WORK ITEM: Could you return, exactly as written, every line from the one containing "The evidence from" through the last line of the entries below, leaving out the pictures?

RECORD EXCERPTS below:

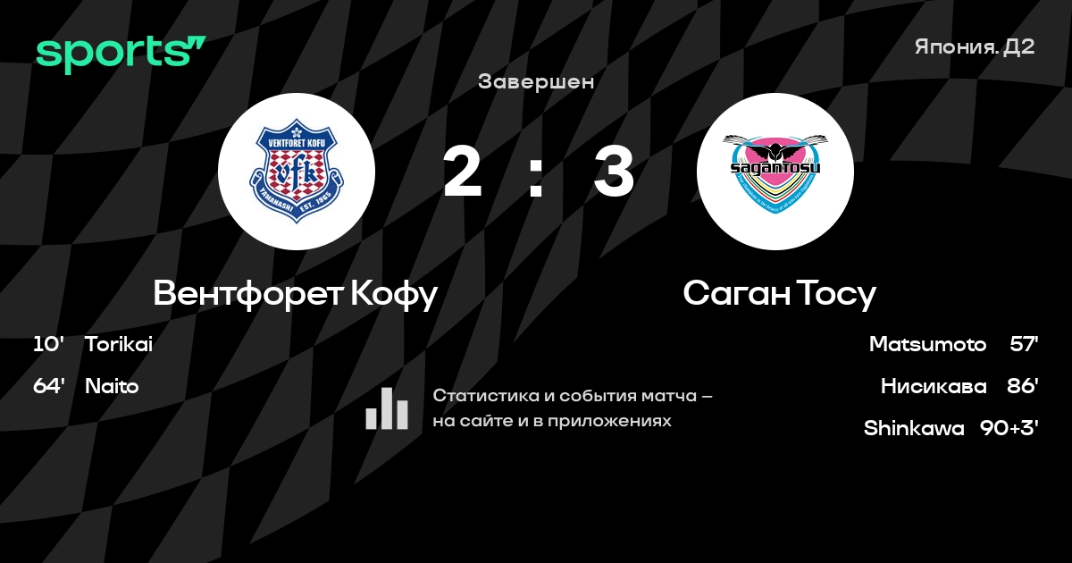Вентфорет Кофу – Саган Тосу: Саган Тосу не проигрывает в 6 из 8 последних матчей против этого соперника
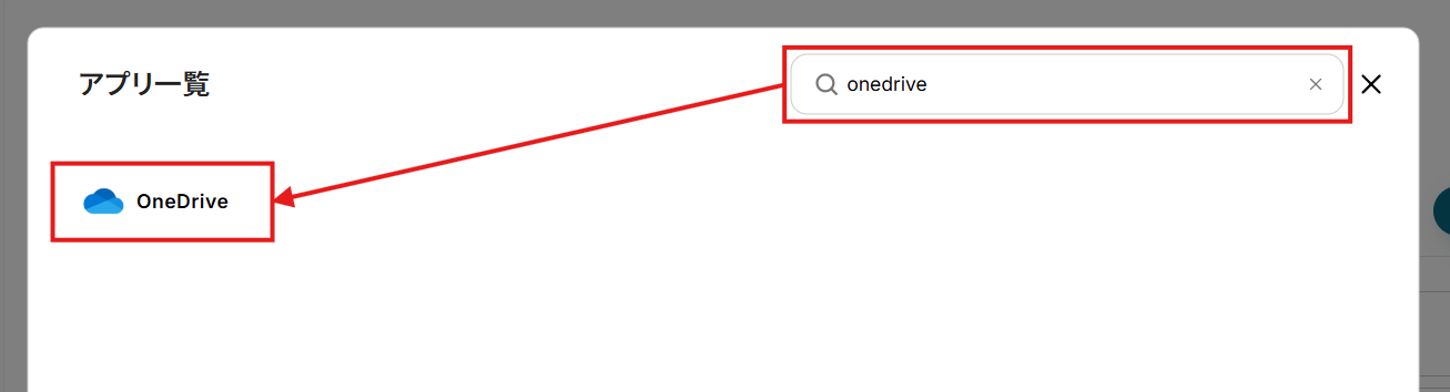 アプリ一覧画面が表示されたら、右上の検索バーでアプリ名(ここではOneDrive)を検索して選択。
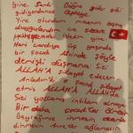 "Sizleri gördüm televizyonda yine. Sanki düğüne gider gibi gidiyordunuz cepheye. Yine oturdum masanın başına duygulandım ve sizlere mektup yazmak istedim yine. Hani vardı ya üç yaşında bir çocuk Afrin’de şöyle demişti düşmana; ’Sizi Allah’a şikayet edeceğim’ Anladım ki, o çocuk şikayet etmiş Allah’a, Allah da sizi yollamış intikam almaya. Bir daha çocuklar ölmesin, bayrağımız inmesin, ezanlar dinmesin, anneler ağlamasın barış gelsin tüm dünyaya. Allah sizleri korusun."
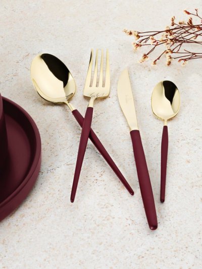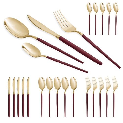 - Materiál: Nerezová ocel s leštěnou povrchovou úpravou- Sada obsahuje:- Nůž 6 ks 7,0 mm- Vidlička 6 ks 4,0 mm- Lžíce 6 ks 4,0 mm- Čajová lžička 6 ks 2,7 mm- Barva: zlatá champagne / červená burgundy- …
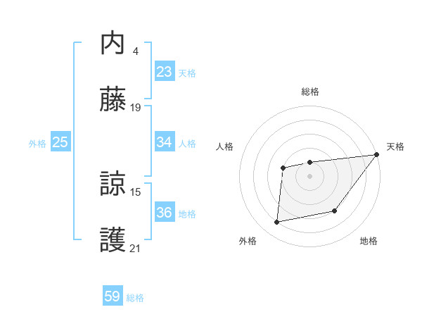 内藤 諒護さんの総格は59画の1点!
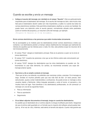 El documento proporciona recomendaciones para escribir y enviar correos electrónicos de manera efectiva y respetuosa, incluyendo especificar un asunto claro, enviarlo solo a personas involucradas, ser breve y claro, revisar antes de enviar, y agregar información de contacto. También recomienda administrar los correos recibidos organizándolos en carpetas y respetar la privacidad de los mensajes.
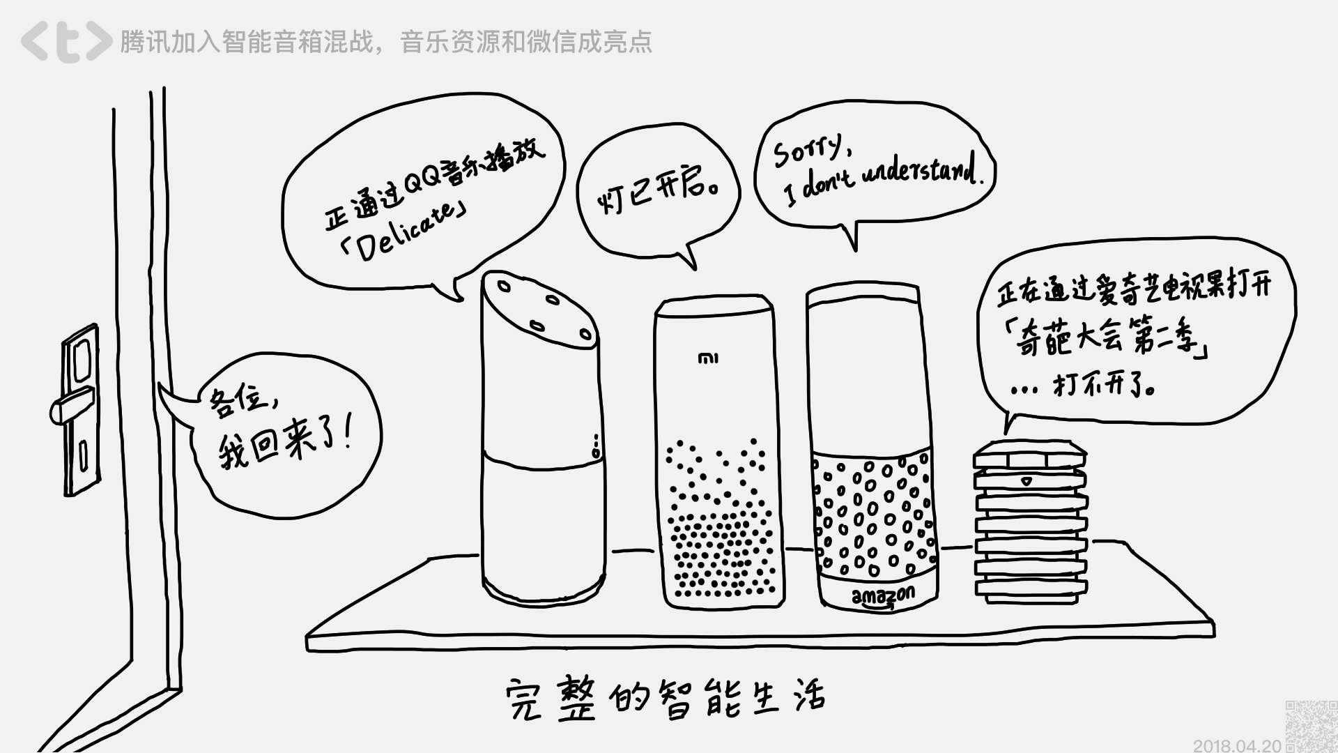 4 月 20 日,腾讯官方微信宣告腾讯首款智能音箱——以 9420 为唤醒词,主打家庭运用场景,以高品质音质、丰厚的内容资源、智能语音互动及可移动等特性满意家庭场景需求。
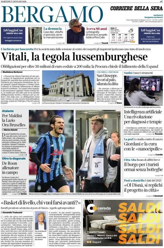 - 06:45 PRIMA PAGINA - Corriere della Sera - Bergamo: "Per Maldini la Lazio. Ora Bruxelles"
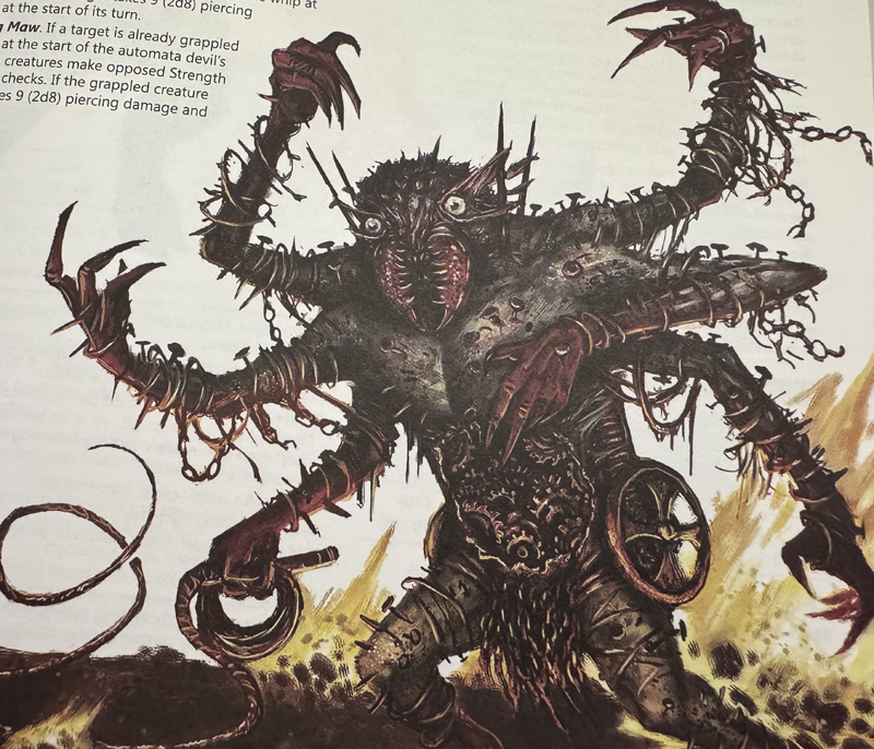 Off to Crabber’s Cove, and Thessalia experienced another vision of hell, this time with Alyona in the distance. As Thessalia reached her, Alyona turned, revealing herself as a monstrous fiend. Thessalia explained this to the party. Somewhat conveniently, Granak had done much research into the Nine Hells, and identified the hellscape in Thessalia’s visions as Avernus, first layer of Hell and entryway to the Nine Hells. Additional facts came to light: only specialized portals, usually formed via powerful magic items, allowed passage to Avernus and back; time flowed differently in Hell from the prime material plane. Thessalia realized that the special pearls her clan used in their coming-of-age ceremonies were actually items from Hell. Perhaps this was why she was having visions?
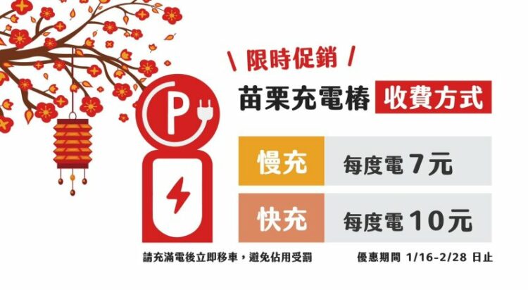 為提升使用率並活絡地方經濟,縣府同步推出「感恩回饋優惠」。自115年1月16日起至115年2月28日止,所有公有充電樁將實施優惠方案,快充每度電調降至10元,慢充每度電7元。縣府期盼透過優惠措施,吸引外縣市電動車車主前來苗栗旅遊,帶動商圈發展與觀光人潮,注入綠色經濟動能。
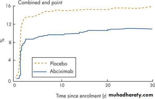 The evidence from which this conclusion was derived comes from a variety of studies; however, it is clear from these studies that benefit is, in general, confined to patients also undergoing percutaneous coronary intervention.9 17 Thus, if these agents are to be used it should be with the intention of undertaking angiography and revascularisation where possible. Abciximab (a monoclonal antibody fragment against the IIb/IIIa receptor) is not recommended by NICE in the medical treatment of acute coronary syndrome since the GUSTO-IV acute coronary syndrome trial18 showed no benefit from abciximab in this context.
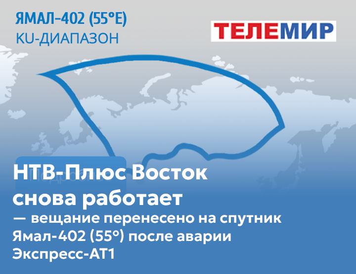 НТВ-Плюс Восток заработал — вещание перенесено на спутник Ямал-402 (55°) после аварии Экспресс-АТ1
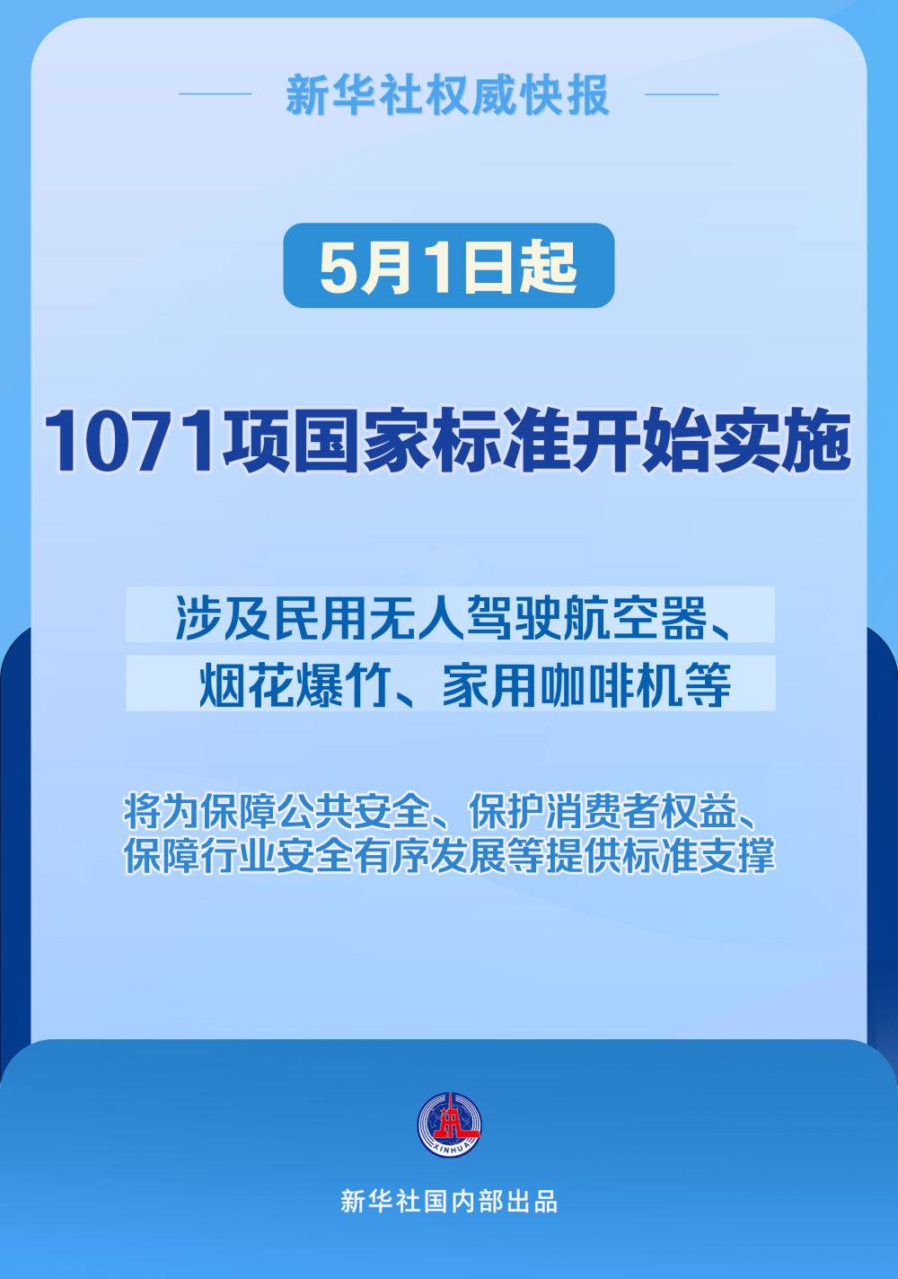 5月1日起,1071项国家标准开始实施,其中包括民用无人驾驶航空器、烟花爆竹、家用咖啡机、鞋长、孤独症儿童康复机构服务质量等重要国家标准。新标准的实施将为保障公共安全、保护消费者权益、保障行业安全有序发展等提供标准支撑。
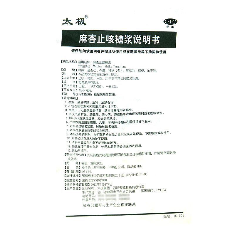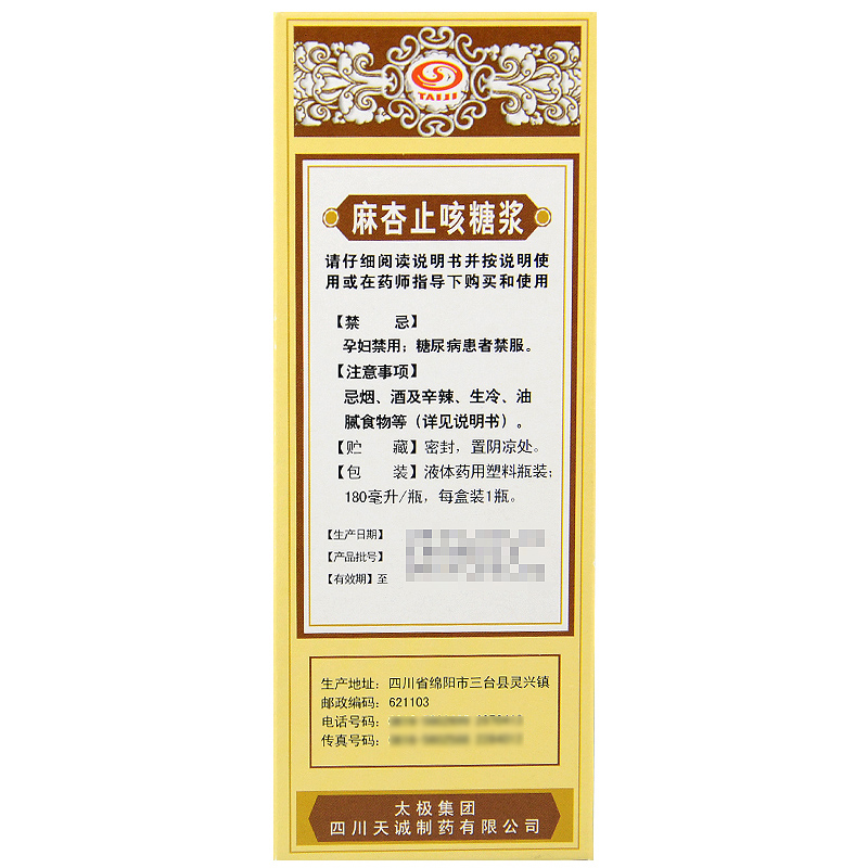 麻杏止咳糖浆(太极)
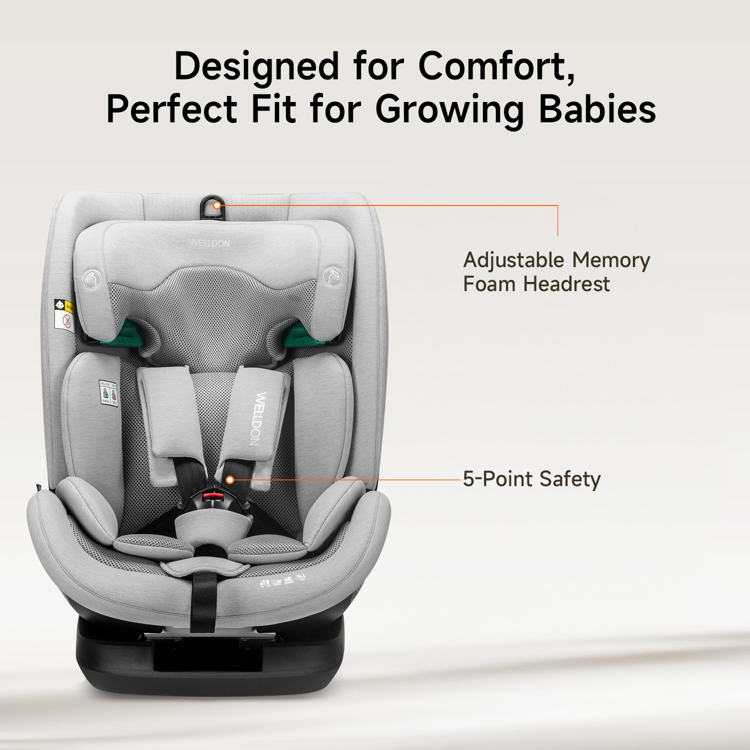 Introducing the Welldon Encore Pro in sophisticated Moonstone – a premium forward-facing car seat designed to support your child from toddler to pre-teen. Blending timeless aesthetics with advanced safety and comfort features, this all-in-one seat grows with your child while delivering everyday ease and elegance.
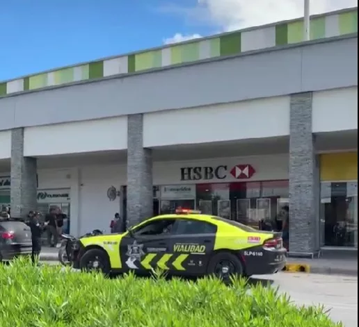 Hace unos momentos se registró un asalto en una sucursal del banco HSB, ubicada en la plaza comercial Sendero.

End of RECORD EXCERPTS.

OUTPUT FOR THIS EXERCISE:
 The evidence from which this conclusion was derived comes from a variety of studies; however, it is clear from these studies that benefit is, in general, confined to patients also undergoing percutaneous coronary intervention.9 17 Thus, if these agents are to be used it should be with the intention of undertaking angiography and revascularisation where possible. Abciximab (a monoclonal antibody fragment against the IIb/IIIa receptor) is not recommended by NICE in the medical treatment of acute coronary syndrome since the GUSTO-IV acute coronary syndrome trial18 showed no benefit from abciximab in this context.
 НТВ-Плюс Восток заработал — вещание перенесено на спутник Ямал-402 (55°) после аварии Экспресс-АТ1
 5月1日起,1071项国家标准开始实施,其中包括民用无人驾驶航空器、烟花爆竹、家用咖啡机、鞋长、孤独症儿童康复机构服务质量等重要国家标准。新标准的实施将为保障公共安全、保护消费者权益、保障行业安全有序发展等提供标准支撑。
 麻杏止咳糖浆(太极)
 Introducing the Welldon Encore Pro in sophisticated Moonstone – a premium forward-facing car seat designed to support your child from toddler to pre-teen. Blending timeless aesthetics with advanced safety and comfort features, this all-in-one seat grows with your child while delivering everyday ease and elegance.
 Hace unos momentos se registró un asalto en una sucursal del banco HSB, ubicada en la plaza comercial Sendero.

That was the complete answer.